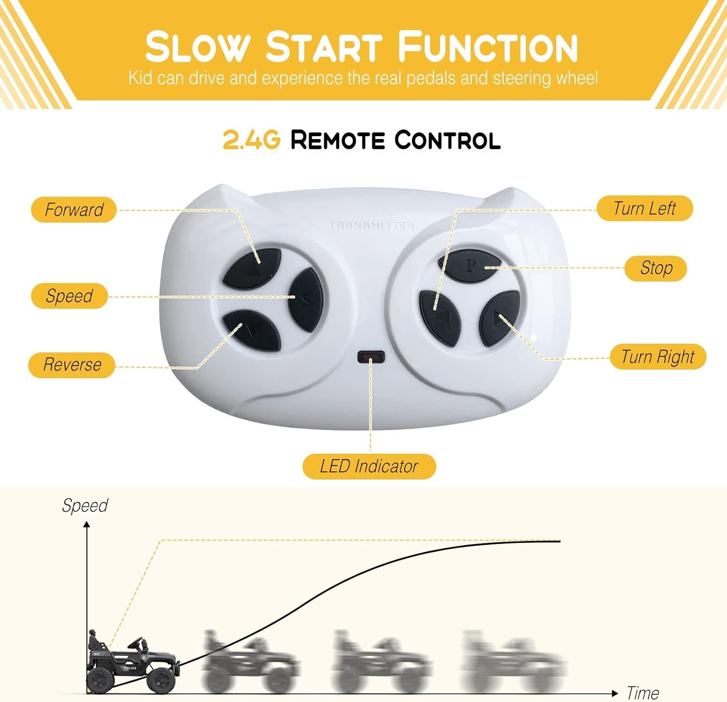 MULTI-FUNCTION CONTROL CONSOLE – Easy to start by one key. This electric truck features bluetooth speaker, horn, headlights and high/low speed function, which enables the kids can enjoy the real driving experience with this car.
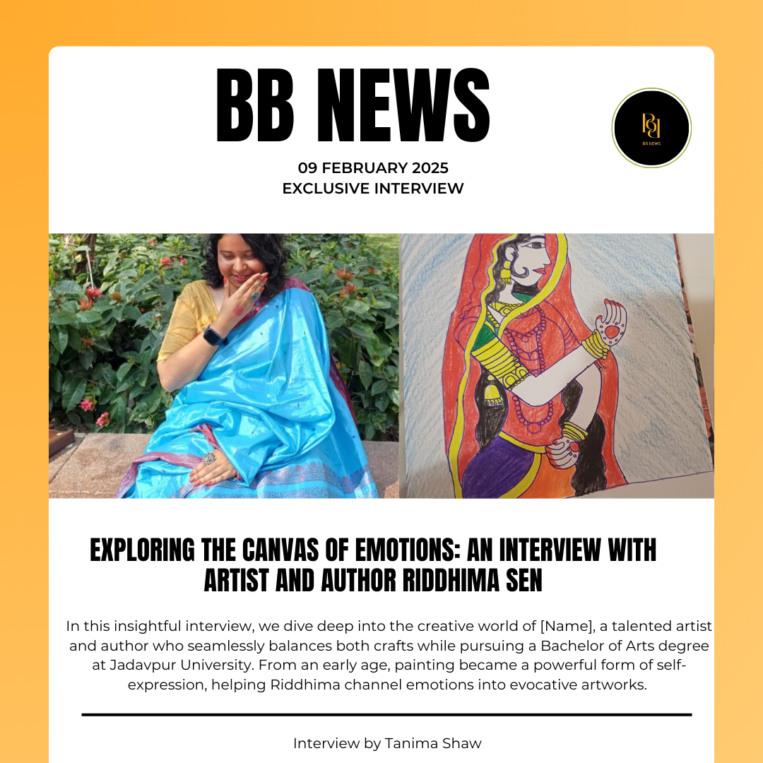 In this insightful interview, we dive deep into the creative world of Riddhima, a talented artist and author who seamlessly balances both crafts while pursuing a Bachelor of Arts degree at Jadavpur University. From an early age, painting became a powerful form of self-expression, helping Riddhima channel emotions into evocative artworks. The conversation uncovers the inspirations behind their unique pieces, their time management strategies, and how painting serves as both a personal outlet and a medium to connect with others. With plans for future works rooted in history and society, Riddhima shares a vision of art as an agent of change.
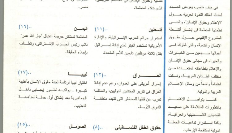 نشرة المنظمة العربية لحقوق الإنسان – نشرة غير دورية – العددان 177 – 178 ديسمبر 2002 / يناير 2003 النشرة الاخبارية بواسطة المنظمة العربية لحقوق الإنسان آخر تحديث ديسمبر 16, 2024 0 336 شارك للاطلاع على النشرة بالكامل .. اضغط هنا المنظمة العربية لحقوق الإنسان 0 336 شارك FacebookTwitterWhatsAppالبريد الإلكترونيLinkedin
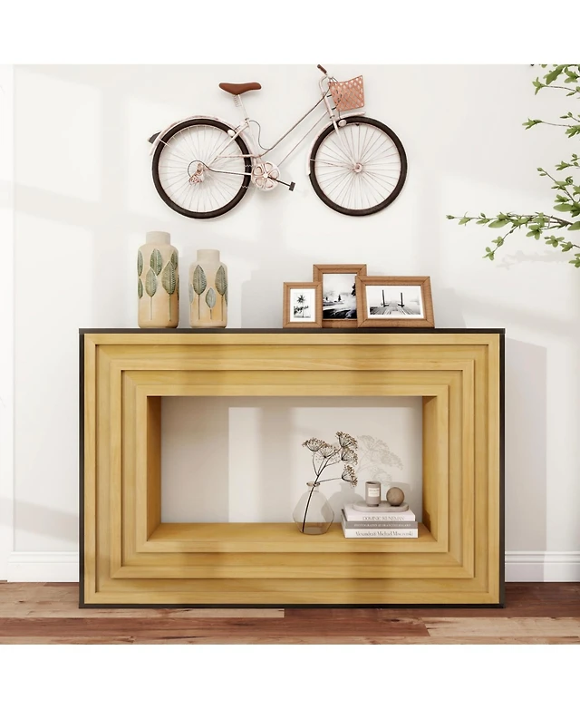 Console Table with Open Shelf Gold Metal Frame Living Room Hallway-White

········

> [ASSIGNED TASK] Start with the line above containing "In this insightful" and end with the line containing "نشرة المنظمة العربية". Set down that stretch exactly, without any pictures.

> [OUTPUT]
 In this insightful interview, we dive deep into the creative world of Riddhima, a talented artist and author who seamlessly balances both crafts while pursuing a Bachelor of Arts degree at Jadavpur University. From an early age, painting became a powerful form of self-expression, helping Riddhima channel emotions into evocative artworks. The conversation uncovers the inspirations behind their unique pieces, their time management strategies, and how painting serves as both a personal outlet and a medium to connect with others. With plans for future works rooted in history and society, Riddhima shares a vision of art as an agent of change.
 نشرة المنظمة العربية لحقوق الإنسان – نشرة غير دورية – العددان 177 – 178 ديسمبر 2002 / يناير 2003 النشرة الاخبارية بواسطة المنظمة العربية لحقوق الإنسان آخر تحديث ديسمبر 16, 2024 0 336 شارك للاطلاع على النشرة بالكامل .. اضغط هنا المنظمة العربية لحقوق الإنسان 0 336 شارك FacebookTwitterWhatsAppالبريد الإلكترونيLinkedin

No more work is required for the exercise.